A specific algorithm that is often used is the EASY backfilling algorithm. Assuming the first queued job is too big for the currently available processors, a reservation is made for some future time at which enough processors will be available. Then the rest of the queue is scanned, and other smaller jobs are allowed to run, provided they will not violate this reservation.
In order to know when processors will become available, and whether jobs are short enough to terminate in time, the system needs to know job runtimes. For this, estimates of the runtimes are requested from users: when a job is submitted, the user gives an estimate of how long it will run. If it is short, it has a chance to backfill. But if it runs for longer than the estimate, the system may kill it so as not to violate a previous reservation.
The interesting thing is that it turns out that inaccurate estimates, that overestimate the runtime by a factor of 3-10, lead to better performance than accurate estimates. The goal of this exercise is to try and understand how this happens. This is an open research question.
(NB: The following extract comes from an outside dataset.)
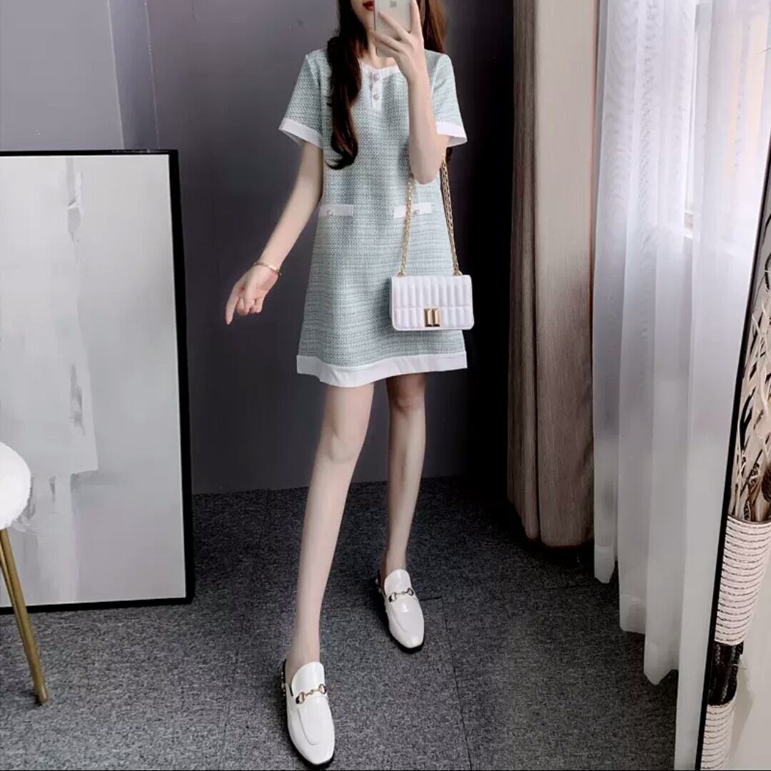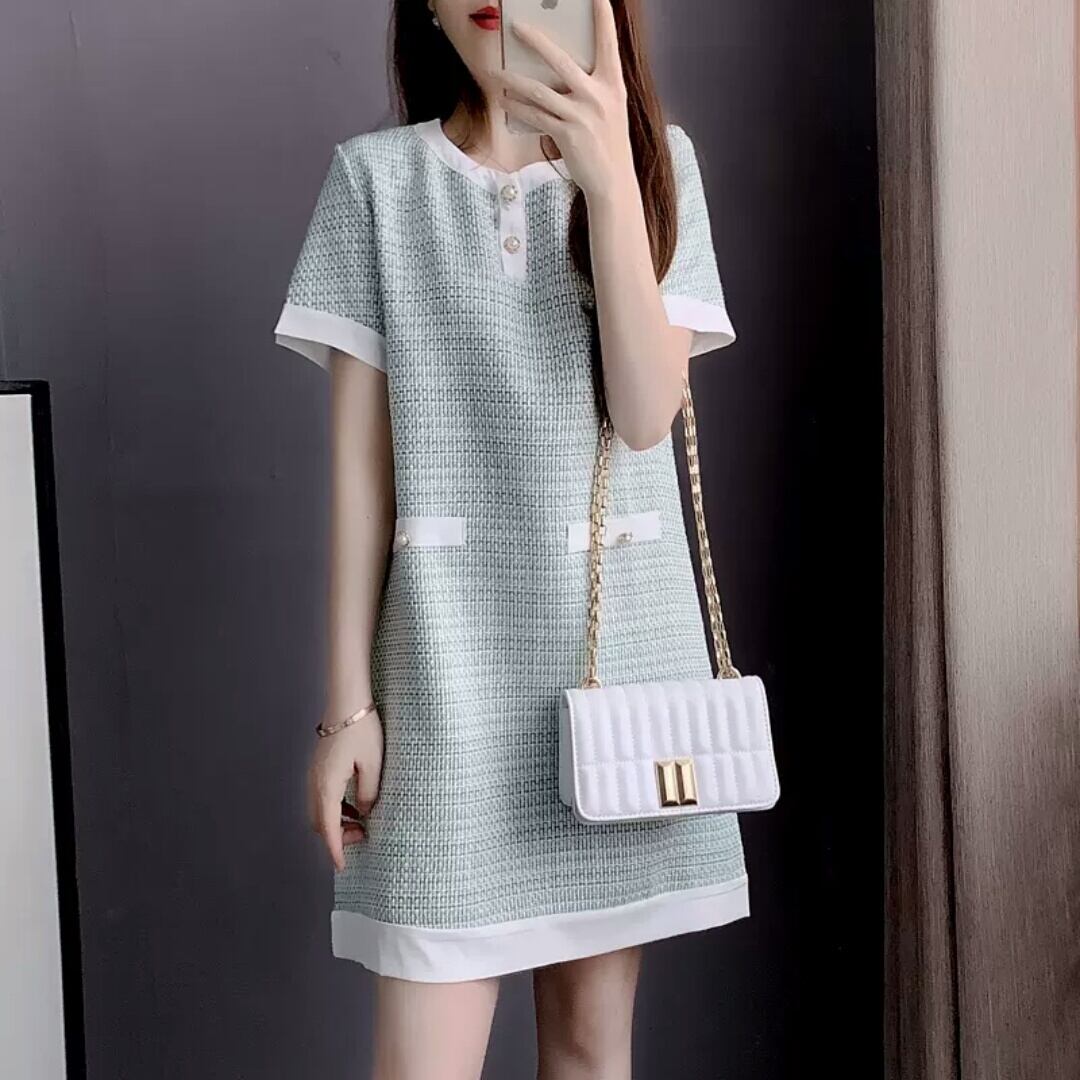 ツイード ショート丈 半袖 ワンピース ドレス ライトグリーン 大人 可愛い エレガント キレイめ 上品 お呼ばれ イベント パーティー お出かけ お買い物 デート 女子会 春 夏 通学 学生 通勤 韓国ファッション

If the event is a job arrival, the scheduler is called. The scheduler adds the new job to the set of waiting jobs it knows about (which might be empty), and tries to schedule it or another job. Scheduling means that nodes are allocated, and a termination event is created for the termination time of the job. Note that this is based on the real termination time, not the estimated one.
If the event is a termination, the job's statistics are recorded. Then the scheduler is called, to see if it can make use of the freed nodes.
The simulator can run the input workload as is, or it can change the load factor. I recommend you start with the code as is (i.e. run the simulator without the -l flag). But you may also experiment with loads in the range of 0.7 to 0.9. To increase the load, the simulator simply multiplies the interarrival times by a factor so that the jobs arrive faster, hence cause higher average load. Again, this code exists; you just need to set the desired load level(s) for the load loop in main, and run with -l.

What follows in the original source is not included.